Author and historian Guy Graybill presents the mind-boggling analysis of the various falsehoods of folklorist, naturalist, and collector, Henry Wharton Shoemaker.

I found myself laughing as I got further and further into Guy Graybill's latest book, Henry Wharton Shoemaker, for which he gives the concluding title: Scoundrel of the Susquehanna...You see, Guy Graybill is an historian, a dedicated one, that, when he gets into a subject to be considered and written about, he moves deeply and strongly to ensure that he presents exactly what he feels is needed...

I laughed because I began to picture the "Guy Graybills" in, say, the year 3000, when they attempt to create a similar book on our immediate past president... But, as I contemplated this, I realized that it might be quite easy and not the extensive work that Graybill presents in this book. After all, I remember that CNN was keeping track of all the lies and pieces of misinformation that happen daily. Even though there are millions who now and probably will forever believe all of the false rhetoric that was spewed during the last years when Donald Trump, also a rich man, like Shoemaker, came to leave his "celebrity" of a TV reality show and moved into the White House...
All that is to say, folks, that I sensed a God Incident happening for me... I'll let you think through the chain of events... Sometime months ago I had heard from Guy about his new book. I'm assuming it was during some period of health issues which prevented me from doing reviews and I didn't respond. However, for the first time ever, Guy sent me a Christmas card, which arrived, the same day I completed and posted my last review. Yes, the one I called important (and still think so). But by the time I reached Guy's moving into music, the picture of Jesus laughing--at me--came to my mind... "This, too, shall pass away. Trust Truth...

I have to say, folks, that a weight has been lifted from my heart. I did my research, found my answer, and recognized that the task was beyond my capability to resolve... And, that, Truth will indeed come to His Time... Almost like He was saying, "I Got This..."

I could feel my similar tension in Graybill's writing and creating this book about a scoundrel who, for his own egotistical purposes, started writing books by taking themes, concepts, and other issues, including the signing of the constitution...and creating a book telling a totally different story than the truth, and then...building monuments to himself... They were small monuments, perhaps, but they were built on lies, fabrications, fiction... Graybill's book differentiates between the genre of Folklore by sharing from the scoundrel's own mouth and adding his own comment:
“The writer has endeavored to transcribe the legends exactly as he heard them from the very old people, but as in the case with his previous volumes of Pennsylvania Mountain folklore, he has exercised the right to change the names of persons, places, dates, etc.”
What? From whom did he obtain the right to alter any portion of his stories? By his own admission, he was reserving the right to change folklore into fact! What an astonishing admission! In the above paragraph, Henry Wharton Shoemaker told his readers that they had no reason to believe a single word he had ever written! One ponders: Where better to learn the value of literary truth than within the writings of a prolific scoundrel?
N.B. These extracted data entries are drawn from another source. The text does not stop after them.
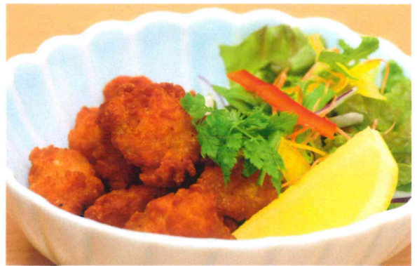
鶏軟骨の唐揚げ 550円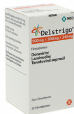
PZN: 18066198 Delstrigo 100 mg/300 mg/245 mg 1x30 Filmtabletten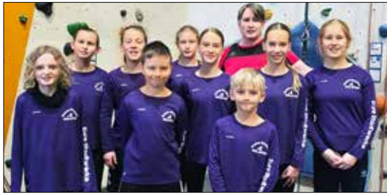
Die jungen Kletterkünstler unseres Vereins kehrten begeistert aus der Nordwand-Halle in Hamburg-Wilhelmsburg zurück.

Kanu-Jugend der Unterelbe-Vereine unterwegs: Gewinn bei „Wir von hier“ sorgt für besonderes Kletter-Erlebnis.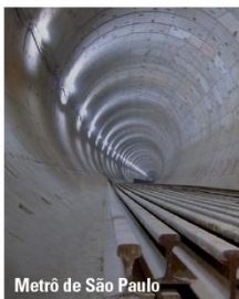
Metrô de São Paulo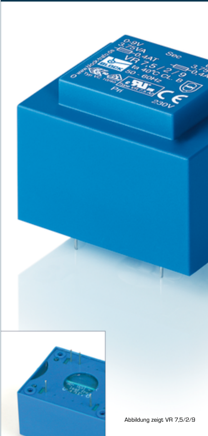
Abbildung zeigt VR 7,5/2/9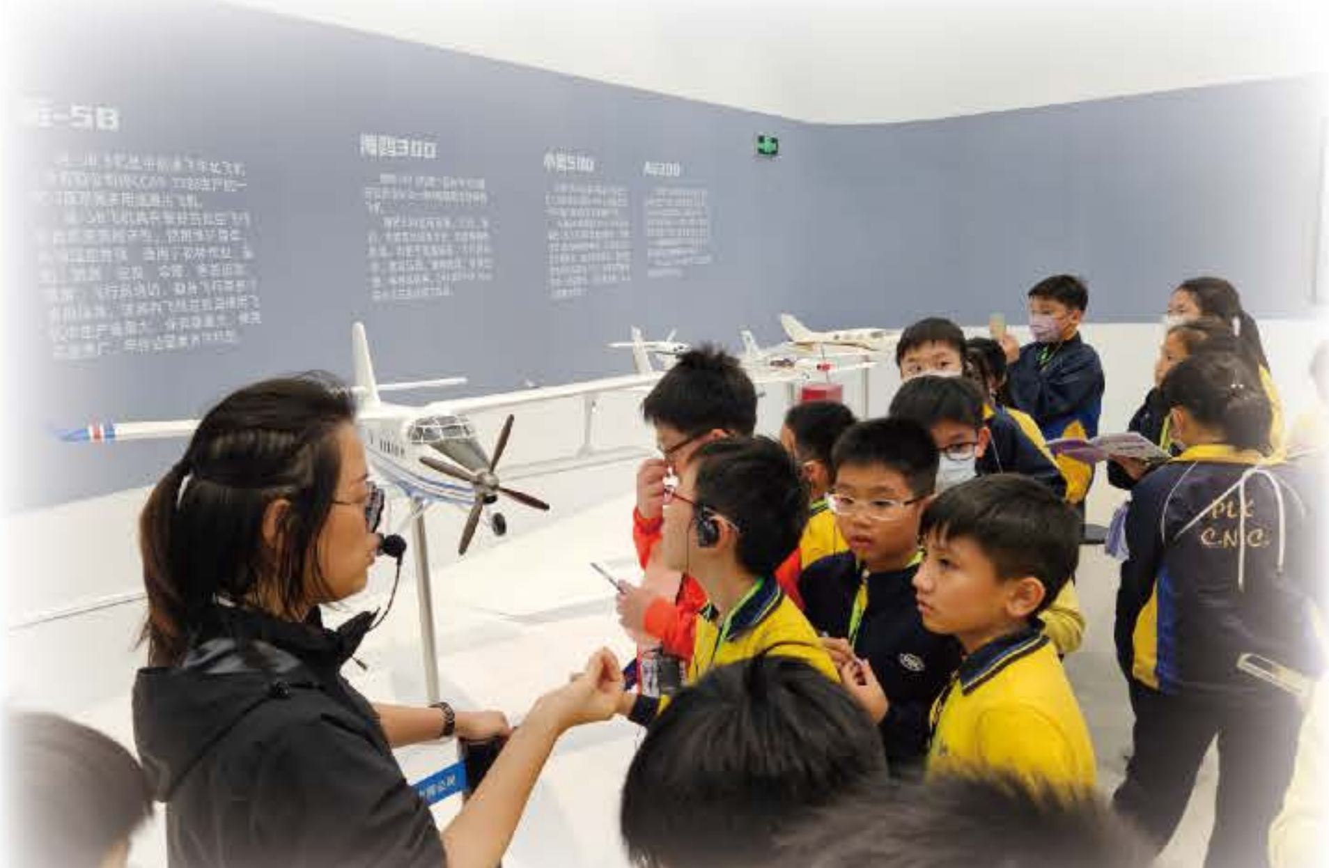
大家正在專心聆聽導遊講解我國的航空發展史。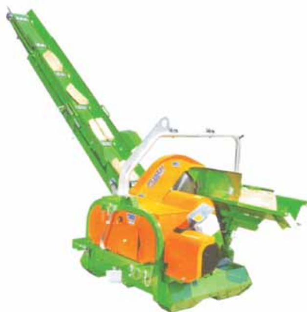
Rys. 5. Piło-łuparka Fig. 5. Sawing-Splitting machine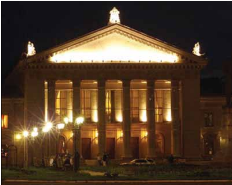
Здание ДК «Нефтехимик» – украшение главной площади города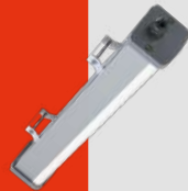
Luminaria LED Industrial Hermética con Módulo de Emergencia Línea Boracéia · CLB-E(P) IP66 20W a 90W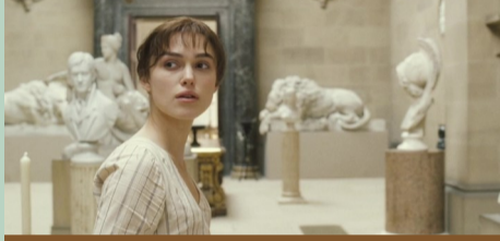
Chatsworth House, Bakewell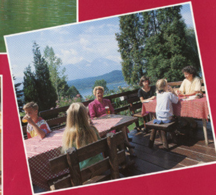
Vorzügliche Küche mit Kärntner Spezialitäten. Hausschlachtung, biologischer Gemüseanbau. Mehlspeisköstlichkeiten! Reichhaltiges Frühstück, Halbpension.

Urlaub, so wie man ihn sich erträumt ... mitten im Grünen und direkt am See! Kärntner Gastlichkeit, Gemütlichkeit und familiäre Atmosphäre zeichnen unser ruhig gelegenes 60-Betten-Hotel aus. Geöffnet Ostern bis Ende September.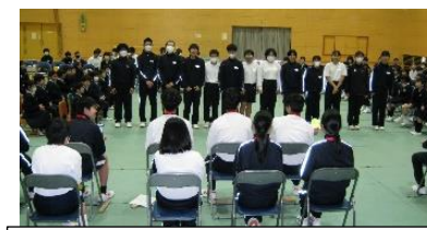
8年生が歌とメッセージを送りました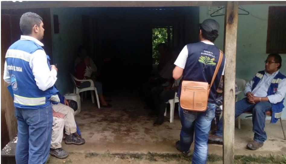
Ilustración 38. Participantes de los talleres – Vereda Arrayanes Arriba

Se firmaron tres cartas de intención correspondientes a un total de 80 ha de predio y 50 ha de bosque, ubicados en esta misma vereda.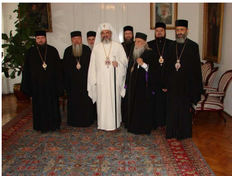
P.F. Părinte Daniel –Patriarhul BOR alături de membrii Sinodului mitropolitan al Mitropoliei Clujului, Albei, Crișanei și Maramureșului

noului Centru eparhial din Zalău. Pentru o reflectare completă a vieții religioase la nivelul întregi Mitropolii a Clujului, Albei, Crișanei și Maramureșului, eparhiile componente, își vor intensifica, pe viitor, cooperarea cu Centrul de presă Basilica al Patriarhiei Române. Colaborarea cu Patriarhia Română va include și implementarea în Eparhiile Mitropoliei Clujului a programelor catehetice-sociale „ Hristos împărtășit copiilor ” și „ Alege școala ”.

I first learned of literary truth when I began working with a publisher over a decade ago. I was reading and editing a book which was about Vietnam... I loved it. The publisher scanned it and started talking about mistakes... I was, of course, thinking of proofreading mistakes. No, these were about dates, places and people... For me, reading fiction, I rarely considered whether specifics like this were real. I was to learn that day of "literary truth" that when an author writes an historical novel, even as fiction, some basic research had to be done to place the scenes, plots, This was truly a wakeup for me because I realized just how important and time-consuming such research would be for those who chose to write about history.
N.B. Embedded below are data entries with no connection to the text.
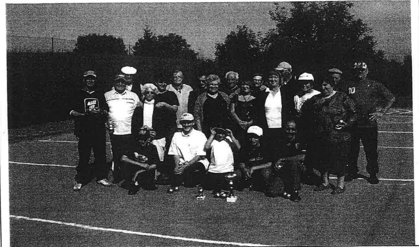
Les vacances sont finies...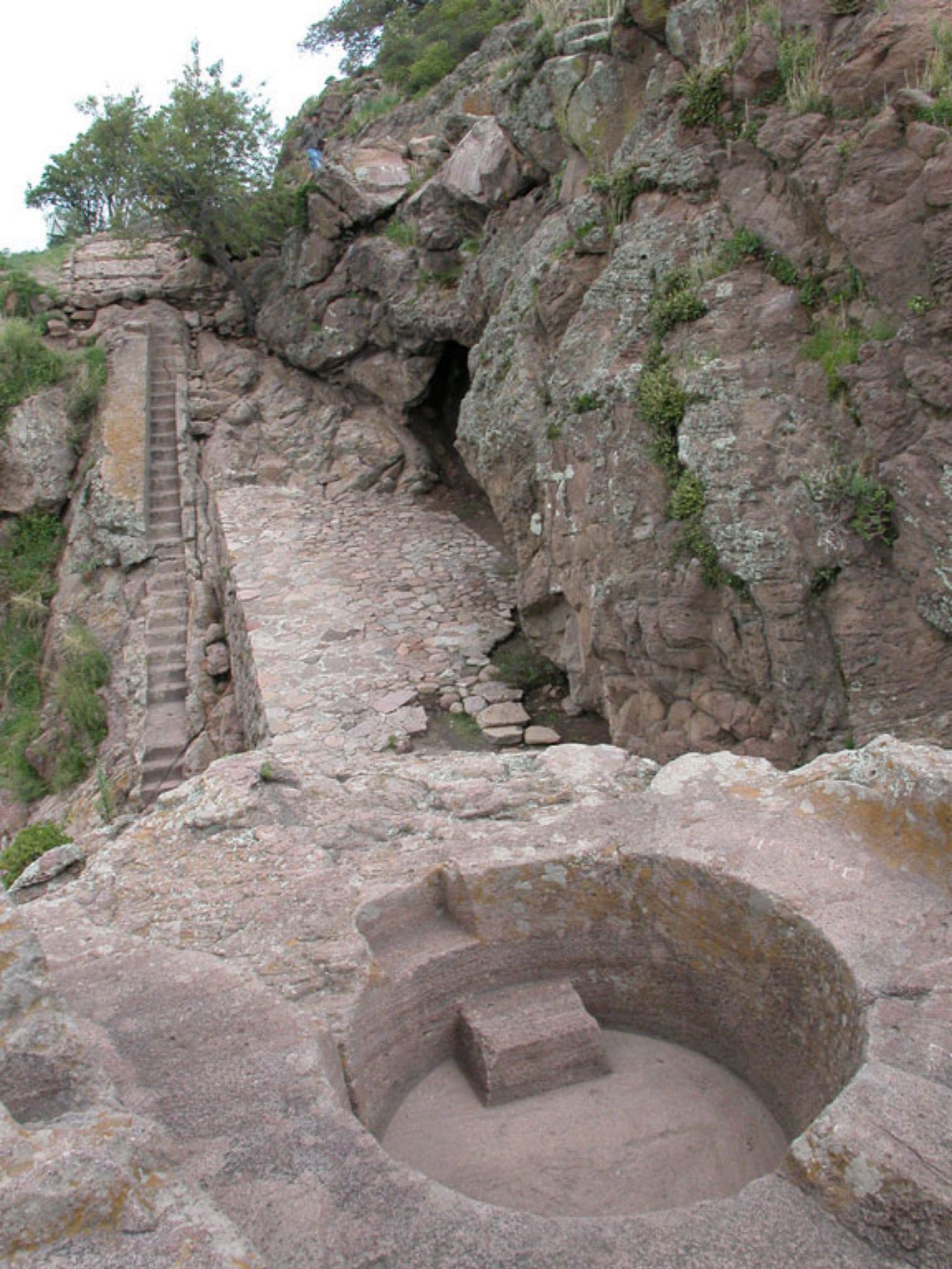
Figura 145. El Baño del Rey y la cueva.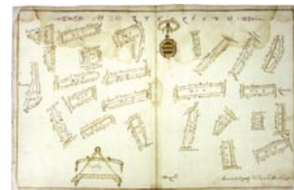
La tipica struttura agraria del Friuli, il maso, in una mappa degli Strassoldo relativa a Mortegliano.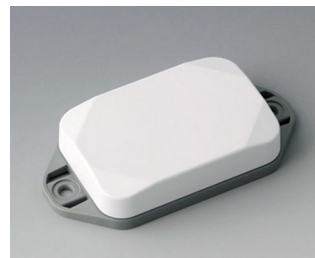
B1822126 MINI-DATA-BOX EF40, plate avec bride ASA+PC (UL 94 V-0) blanc signalisation RAL 9016 60x40x15mm IP 65 opt., IP 40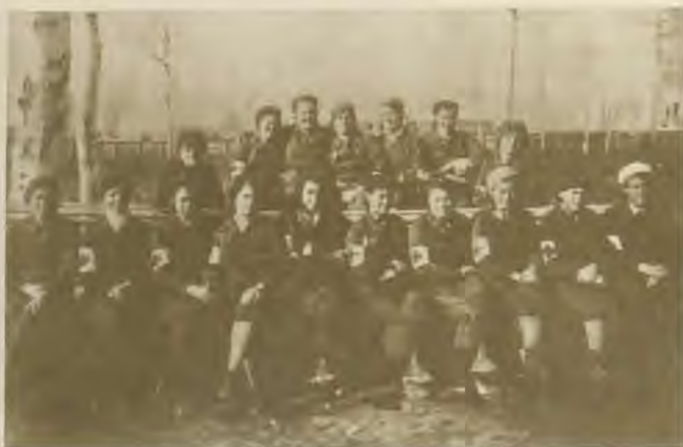
Женщины сандружинницы в годы войны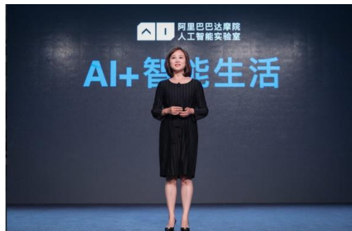
阿里巴巴人工智能实验室主题演讲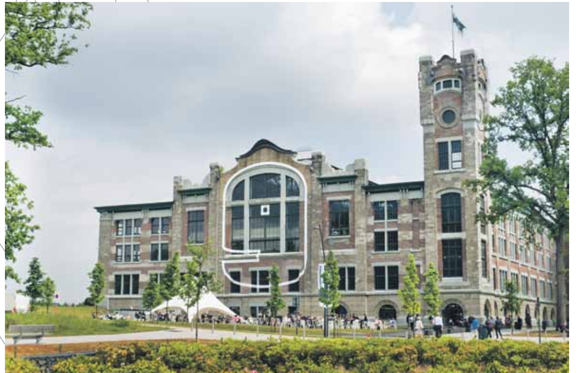
Voormalige mijn Waterschei, Genk.

As Graybill blasted through story after story, debunking details, I soon became mind-boggled, just as the book description stated! The extent of this man's disinformation carried throughout his writings, just as disinformation carries through Trump's rhetoric... 

But, Graybill, rightly presents a fairly extensive biographical sketch of Shoemaker. He was born in 1880 in New York City and into an affluent family. He was the oldest so was to inherit a considerable fortune, as well as the privilege afforded to those in the right circles... At one point Henry owned six newspapers in Pennsylvania. His grandparents owned several thousands of rural land, which they called Villa Vista, but, as the ownership finally reached Henry, he quickly changed the name to Restless Oaks. 

It was during Shoemaker's college years that Graybill began to find discrepancies. For instance, he would list himself as a graduate of Columbia. When attempting to verify this basic information, the school identified him as a non-graduate as of 1901. While attending, he did, however, become very active socially and this was to continue into his older years when at one time he was a member of many different organizations, which, it appears he joined in order to make a name for himself, because it was shortly after he left college in 1901 that he was appointed as a diplomat to Cost Rica by President Theodore Roosevelt. Then moving on to Lisbon, Berlin, and finally as Ambassador to Bulgaria...

The parallel to Trump seemed to end at the point where Shoemaker never really held a real point of power and, perhaps, this led to what he began to do... By merging his property interests, his traveling, and his love of writing, Shoemaker maneuvered to make his name known into posterity... Through, again, connections and memberships, he was able to become involved in creating historical monuments for the State of Pennsylvania--each one to include his full name and position...

So, bottomline, this is how it worked. He wrote a story(ies) that could be considered Folklore--those stories which were spread by word of mouth as to events that happened early in history... For instance, a story about the buffalo which once roamed across the state of Pennsylvania... Add a little fiction about meeting a man who had killed 2000, add that he did it in some part of the State...and, in his other capacity, Shoemaker would create a memorial sign, or in this case, a stone
This is real; book has pic of stoned!
buffalo... with sign with, of course, Shoemaker's name of authorization and verification!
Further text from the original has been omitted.